It's the 8 adn 11yo children who use the microwave most of all, and I think that's a lot safer than the stove, especially with the toddler roaming, tall enough to reach the stove.

But I do appreciate the reminder, at least for my own purposes


----------



## Ellien C (Aug 19, 2004)

Quote:


Originally Posted by *PancakeGoddess*
It's the 8 adn 11yo children who use the microwave most of all, and I think that's a lot safer than the stove, especially with the toddler roaming, tall enough to reach the stove.

But I do appreciate the reminder, at least for my own purposes









oh - good point. I have a set of 1-cup glass containers from Pampered Chef that I've been using to store things. I think they'd work in the microwave.


----------



## Ann-Marita (Sep 20, 2003)

I second the recommendation of Corelle. They are tough and break-resistant, microwave safe, lightweight (so DD can handle a stack of them at a time when she unloads the dishwasher), and stack compactly (compared to the stonewear we had before).

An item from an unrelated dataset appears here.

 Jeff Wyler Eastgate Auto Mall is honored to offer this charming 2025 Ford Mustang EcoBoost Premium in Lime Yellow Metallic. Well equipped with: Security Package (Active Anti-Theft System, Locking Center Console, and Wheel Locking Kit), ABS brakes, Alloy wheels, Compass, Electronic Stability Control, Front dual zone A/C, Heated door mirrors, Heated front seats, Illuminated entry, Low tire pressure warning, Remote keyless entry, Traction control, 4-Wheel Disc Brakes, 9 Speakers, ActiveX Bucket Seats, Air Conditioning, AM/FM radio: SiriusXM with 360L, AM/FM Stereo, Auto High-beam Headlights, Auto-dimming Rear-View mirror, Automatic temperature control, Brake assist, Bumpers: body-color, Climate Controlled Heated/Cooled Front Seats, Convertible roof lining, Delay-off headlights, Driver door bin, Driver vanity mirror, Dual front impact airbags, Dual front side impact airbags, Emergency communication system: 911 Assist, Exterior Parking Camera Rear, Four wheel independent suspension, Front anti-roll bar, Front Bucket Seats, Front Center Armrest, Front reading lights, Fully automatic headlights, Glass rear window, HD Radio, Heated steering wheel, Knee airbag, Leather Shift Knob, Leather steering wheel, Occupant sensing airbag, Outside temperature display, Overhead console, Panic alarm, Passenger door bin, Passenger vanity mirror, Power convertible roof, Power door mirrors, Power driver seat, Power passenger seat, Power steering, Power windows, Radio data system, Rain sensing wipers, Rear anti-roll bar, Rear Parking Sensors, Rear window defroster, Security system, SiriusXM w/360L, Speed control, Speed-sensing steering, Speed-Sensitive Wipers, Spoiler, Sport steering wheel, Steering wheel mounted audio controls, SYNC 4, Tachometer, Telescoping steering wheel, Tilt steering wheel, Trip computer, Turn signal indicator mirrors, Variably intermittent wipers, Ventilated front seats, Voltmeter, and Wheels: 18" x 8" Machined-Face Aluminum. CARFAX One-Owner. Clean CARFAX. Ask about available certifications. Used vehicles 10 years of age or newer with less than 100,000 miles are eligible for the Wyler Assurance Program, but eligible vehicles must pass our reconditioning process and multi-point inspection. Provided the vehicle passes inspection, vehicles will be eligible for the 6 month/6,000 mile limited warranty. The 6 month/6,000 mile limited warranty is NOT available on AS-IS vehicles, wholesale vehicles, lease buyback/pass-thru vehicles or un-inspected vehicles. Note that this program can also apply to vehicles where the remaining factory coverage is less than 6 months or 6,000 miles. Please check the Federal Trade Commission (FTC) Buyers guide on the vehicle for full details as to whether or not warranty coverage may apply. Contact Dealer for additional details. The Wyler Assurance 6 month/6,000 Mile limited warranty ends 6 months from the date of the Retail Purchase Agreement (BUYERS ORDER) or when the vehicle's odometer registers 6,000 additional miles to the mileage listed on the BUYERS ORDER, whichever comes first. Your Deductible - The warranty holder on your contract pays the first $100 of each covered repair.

Plus, they are fairly inexpensive.


----------



## carolm22117 (Nov 9, 2005)

I'll third the Corelle.
We had a set of plain beige Corelle dishes. I think we broke one dish from it and that was from a boy dropping a skateboard on it. We had a bowl out in the van for months (noone would bring it inside) and it kept getting dropped out of the van onto concrete and it never broke, didn't even chip!


----------



## PancakeGoddess (Oct 8, 2004)

The bottom line is, can my toddler pitch it off his tray onto our vinyl kitchen flooring - not totally hard but certainly not soft... ??

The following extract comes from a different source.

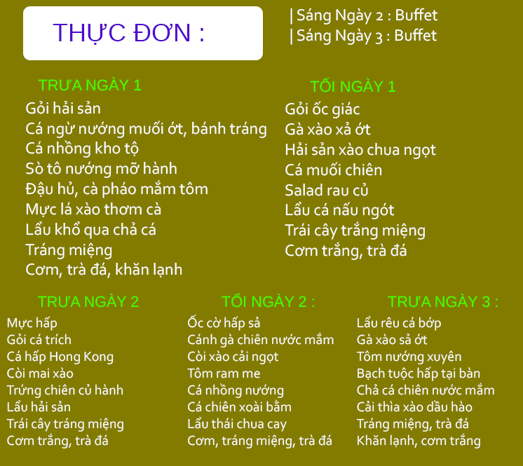| Thông tin | Áp dụng khách đoàn 120 khách |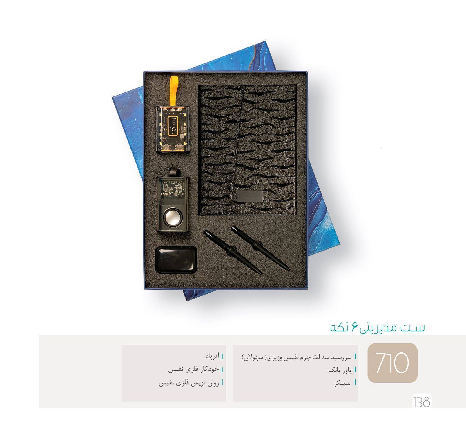 محتویات : سررسید سه لت چرم نفیس وزیری ، پاور بانک ، اسپیکر ، ایرپاد ، خودکار فلزی نفیس ، روان نویس فلزی نفیس

If so, that would totally work for us. Thanks everyone!


----------



## seraf (Feb 1, 2002)

Dedicated to the cause I am.

I just thrice threw a bowl off a highchair onto our linolium floor. I knew they stand up to our wood floor. And now I know that they stand up to the kitchen floor, too.

Seraf

Edited for spelling


----------



## Trishy (Oct 15, 2002)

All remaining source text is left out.